A further favourable result of the value of mediation was reported
by Kruk (1998), Lamb et al (1999), and Austin (2000). Another study
emphasised the importance of kinship care especially with individuals
of African background who are involved in resolution disputes (Wilhelmus,
1998).
The emphasis by Wallerstein (1998) was that society has an important
task in protecting the millions of children who have suffered from
the father’s emotional and economic abandonment, often in
favour of commitment to new children in subsequent marriages. Allegations
of substance abuse and physical, emotional and sexual abuse by spouses
are sometimes involved in custody disputes as noted by Pruett et
al (2000). Here again court family service mediators are likely
to play an important role to differentiate true from false allegations.
There have been a number of books written for couples to guide
them on how best to deal with divorce or separation. Kranitz (2000)
provided some practical information in resolving issues that arise
when people who have lived together decide to separate. It is unfortunate
that there are still a considerable number of custody battle ‘burn-outs’,
where parents give up their role as carers due to the difficulties
involved in legal custody battles (Turkat, 2000). In order to prevent
this another book which has had great influence in offering divorcing
parents a way of avoiding custody battles is that of Stahl (2000).
Many recent pieces of research emphasise the importance of increasing
the non custodial parent’s access and visitation with their
children (Keoughan et al, 2001; and Hyden, 2001).
C. Favourable Outcomes Through Mediation
Reference has already been made to the value of mediation by countries
and states and local areas. The reviews of literature concerned
with how children from divorced families adjust under different
custodial arrangements is carried out by Twait and Luchow (1996).
The level of interparental conflict present in the family before
and after divorce appears to be a powerful mediating variable that
affects children’s adaptation to different custodial situations.
It was concluded that custodial decisions needed to be made on
an individual basis, with no presumption that custody should be
awarded to either the mother or the father. It was clear, that regardless
of the decision regarding custody, the parents should be educated
regarding the importance of avoiding overt hostility in establishing
a workable co-parenting relationship. Problems with communication
in divorce mediation were noted by Rudd (1996). Also noted was a
participant’s argumentativeness, verbal aggression, and the
need for compliance-gaining strategies during mediation.

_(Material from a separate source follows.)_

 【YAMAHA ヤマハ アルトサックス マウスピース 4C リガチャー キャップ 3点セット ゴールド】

The long-term effects of divorce mediation and resolution were
studied by Dillon & Emery (1996). They found that of the 25
parents who chose mediation and the 28 parents who chose litigation
to resolve child custody disputes, the mediation parents reported
better communication between themselves and their former partner
concerning the children. Non-custodial parents assigned to mediation
reported more frequent current contact with their children and greater
involvement with decisions about them.
Kelly (1996) discovered that after a decade of divorce mediation
research which has focused on outcomes and settlements, as well
as cost efficiency and client satisfaction, most studies reported
mildly favourable to very positive results for the use of mediation.

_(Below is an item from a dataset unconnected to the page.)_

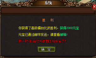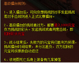 对方同意后进入擂台 双方都扣1000元宝 一共5分钟

Kelly felt that research on the mediation process and mediator behaviours
had received very limited attention and should be focused upon int
he next decade of research to elevate the mediation field to a more
sophisticated, effective level of practice. Considering such a result
it is clear that mediation is still the least used area of expertise,
the preference being for solicitors to deal with disputes on a litigation
basis. The questioning by Beauregard et al (1998) of 161 family
lawyers aged 25-59 years about mediation found there was a difference
by gender and experience. Female attorneys held stronger views than
did their male counterparts. There were few differences among the
opinions of lawyers based on their years of experience or their
own training in mediation. Compared to non-mediators, mediators
rated the positive effect of mediation more highly. Mediators however,
differed as to their intervention, some preferring complete intervention
and others non intervention (Smoron, 1998). Whatever methods were
used, however, mediation was found to be effective in changing parents’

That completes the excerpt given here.